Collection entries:
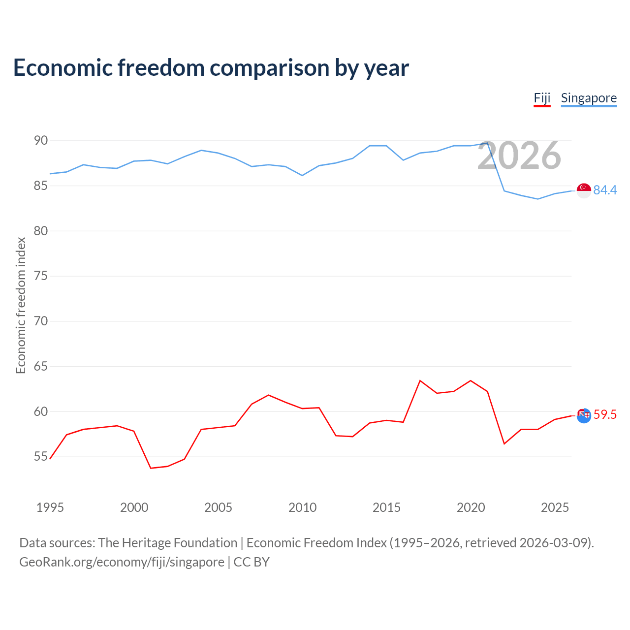 The Economic Freedom Index for Fiji is 59.5, ranking 103/197, compared to 84.4 for Singapore, ranking 1/197. The chart above displays a comparison of annual changes in economic freedom indexes.
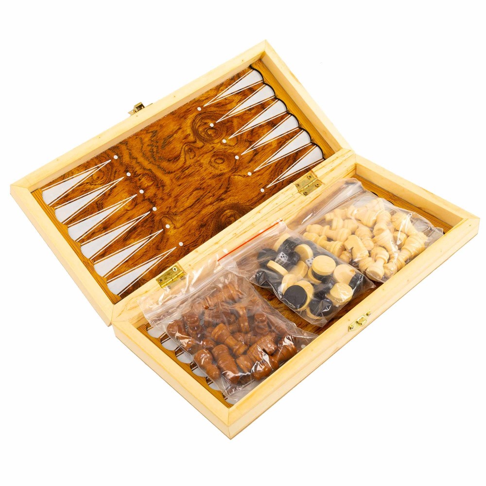 Шахматы шашки нарды 3 в 1 набор настольных игр деревянные SPRINTER IG-9024 размер 24см x 24м
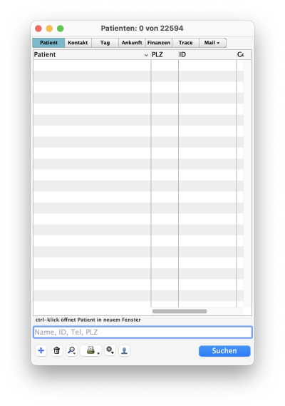 Wenn Sie eine neue Patientenkartei anlegen möchten, klicken Sie am unteren Tab Rand den „+“ Button. Automatisch wird eine leere Patientenkartei im Patienten-Fenster mit neuer ID-Nummer angelegt und die Daten des Patienten können eingegeben werden.
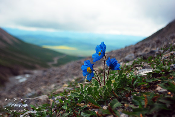 岗什卡雪山下,天气就这般的变幻莫测着,它并未发出召唤,却被我们意外的遇见,就像邂逅这朵在高原雪甸上盛开的小蓝花一样。
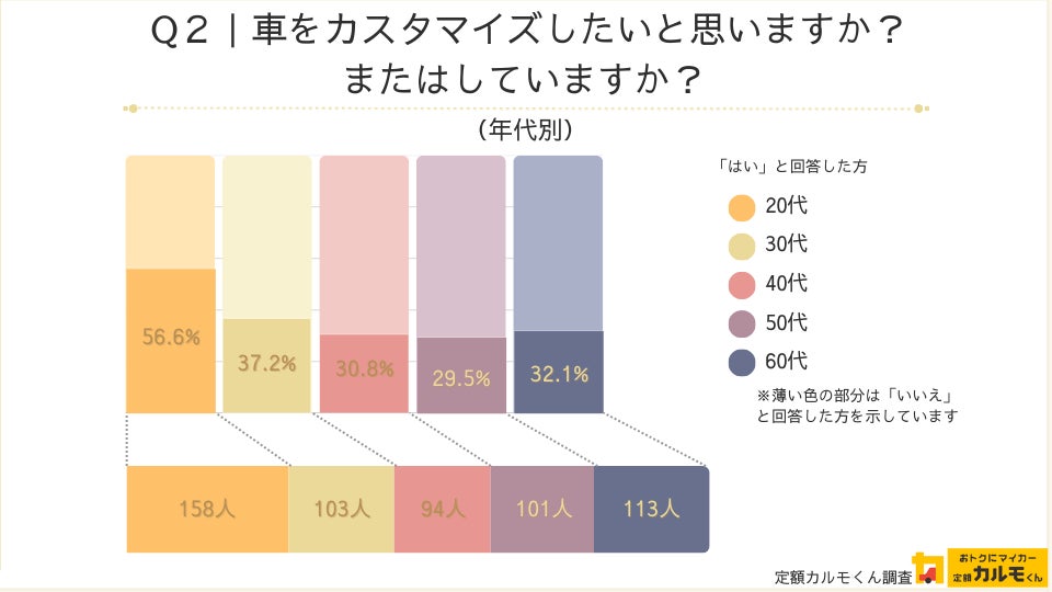そこで「はい」と回答した方を年代別で見てみると、最も多いのは20代で158人でした。同年代で車を持っている、または将来的に欲しいと思っている方の中でも56.6%を占めています。ここから、20代は車のカスタマイズへの興味関心が高いことがわかります。一方、「はい」と回答した方が最も少なかったのは40代で94人。同年代の中で占める割合も30.8%にとどまっています。
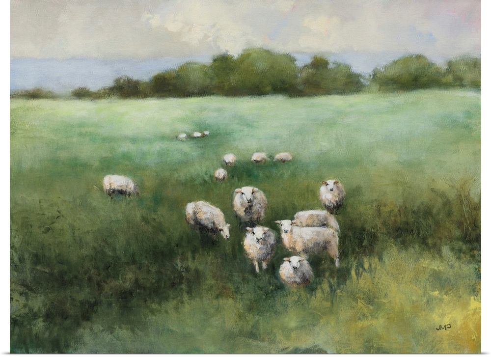 Art Matcha Contemporary Art Green Wall Art Landscapes Countryside Painting Julia Purinton Wildlife Sheep
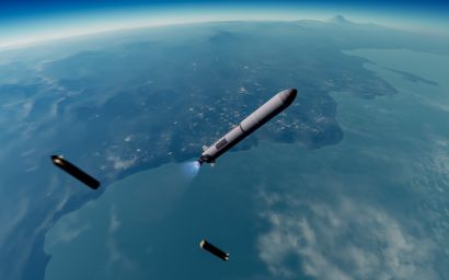 Ascension habituelle vers l’est, pitch ~10–15° à 100 m/s.

Required work:
Nothing but an exact copy is asked for: the lines from the start of the records through the line with "Шахматы шашки нарды", both ends included, minus any pictures.

Response to this task:
 The Economic Freedom Index for Fiji is 59.5, ranking 103/197, compared to 84.4 for Singapore, ranking 1/197. The chart above displays a comparison of annual changes in economic freedom indexes.
 Шахматы шашки нарды 3 в 1 набор настольных игр деревянные SPRINTER IG-9024 размер 24см x 24м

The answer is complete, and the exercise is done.